The current version of the ants don't learn from past mistakes. As mentioned above there is no ant evolution going on here. The colony will put an ant to sleep if it fails to get expected results consistently, but ants don't learn anything from their failures. For example, if I disable the override for the latency injection feature, the latency ant will continue to reset the latency setting indefinitely with no result without thinking "maybe I should try something else". It has a reset hammer and it is going to use it. I want the ant to see the repeated failures and think "something else must be wrong". To get the behavior wanted I had to actually tell it to stop and think about another fix if it has seen multiple failures. While I don't think this will cause me problems down the road, I worry that I'm somewhat orchestrating the ants actions in my instructions and that defeats the whole purpose of the experiment.
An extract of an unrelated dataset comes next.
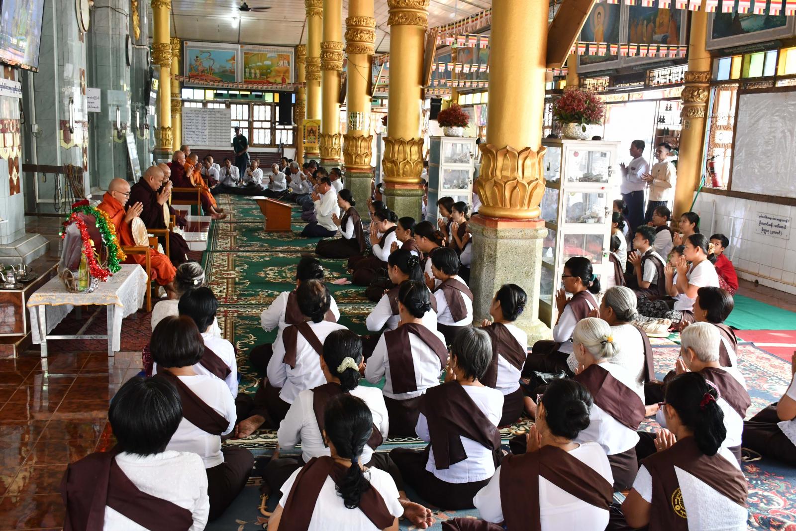 ဦးစွာ ပဋ္ဌာန်းသိမ်းအောင်ပွဲအခမ်းအနားကို နမောတဿသုံးကြိမ်ရွတ်ဆိုဘုရားကန်တော့၍ဖွင့်လှစ်ပြီး ပြည်နယ်ဝန်ကြီးချုပ်ဦးစောမြင့်ဦး၊ ပြည်နယ်တရားလွှတ်တော်တရားသူကြီးချုပ်ဦးညွန့်လင်း၊ ပြည်နယ်အစိုးရအဖွဲ့ဝင်များ၊ ပြည်နယ်အမျိုးသမီးရေးရာအဖွဲ့နှင့် ပြည်နယ်မိခင်နှင့်ကလေးစောင့်ရှောက်မှုကြီးကြပ်ရေးအဖွဲ့ နာယကနှင့်အဖွဲ့ဝင်များ၊ ဌာနဆိုင်ရာများ၊ ဝတ်ရွတ်အသင်းအဖွဲ့များနှင့်ဧည့်ပရိတ်သတ်အပေါင်းတို့က နိုင်ငံတော်ဩဝါဒစရိယ ကျောင်းထိုင်ဘုန်းကြီးသင်တန်းကျောင်း ကျောင်းအုပ်ဆရာတော် မဟာဂန္ထဝါစကပဏ္ဍိတ ဘဒ္ဒန္တဝိဇ္ဇာနန္ဒထံမှ ငါးပါးသီလခံယူဆောက်တည်ကြကာ သံဃာတော်အရှင်သူမြတ်များ ရွတ်ဖတ်သရဇ္ဈာယ်တော်မူသော မေတ္တာသုတ်ပရိတ်တရားတော်များကို နာယူကြည်ညိုကြသည်။

Perhaps I'm over-thinking this one.  Interestingly, as noted above, the ants seem better at recognizing that they need to wait for another ant to do something than they are at seeing that trying their own failed action over and over again wouldn't fix a problem.

Finally, because the goal of the system is only to restore service (not to correct underlying problems) the ants will get into loops of maniacally restarting pods etc. Much like automation that clears out a log directory when it gets full will merrily delete your tomcat logs every 12 minutes for 3 months without ever raising a flag that says "hey, why is this tomcat log directory filling up every 12 minutes", the current iteration of ants isn't smart enough to say "I've fixed a memory leak in this pod every 7 minutes all day, there must be something that needs an actual fix here". To me this is the next step in their growth. To do this they will need better situational awareness than I have provided; more advanced memory; and probably the capacity to hand off tasks to specialist ants that deal with more complex investigation (an L2 investig-ant?). I want to push the simple model as far as it can go before I complicate it with multiple layers, but there is a point where we will lose the simplicity if we try to make the individual ants more sophisticated. Perhaps I should think of it as passing problems on to a different ant specialization - the restoration of service ant can pass a problem on to a code fix ant? We will need to see how it comes together.

All in all the experiment has been an adventure and I look forward to sharing what I learn next.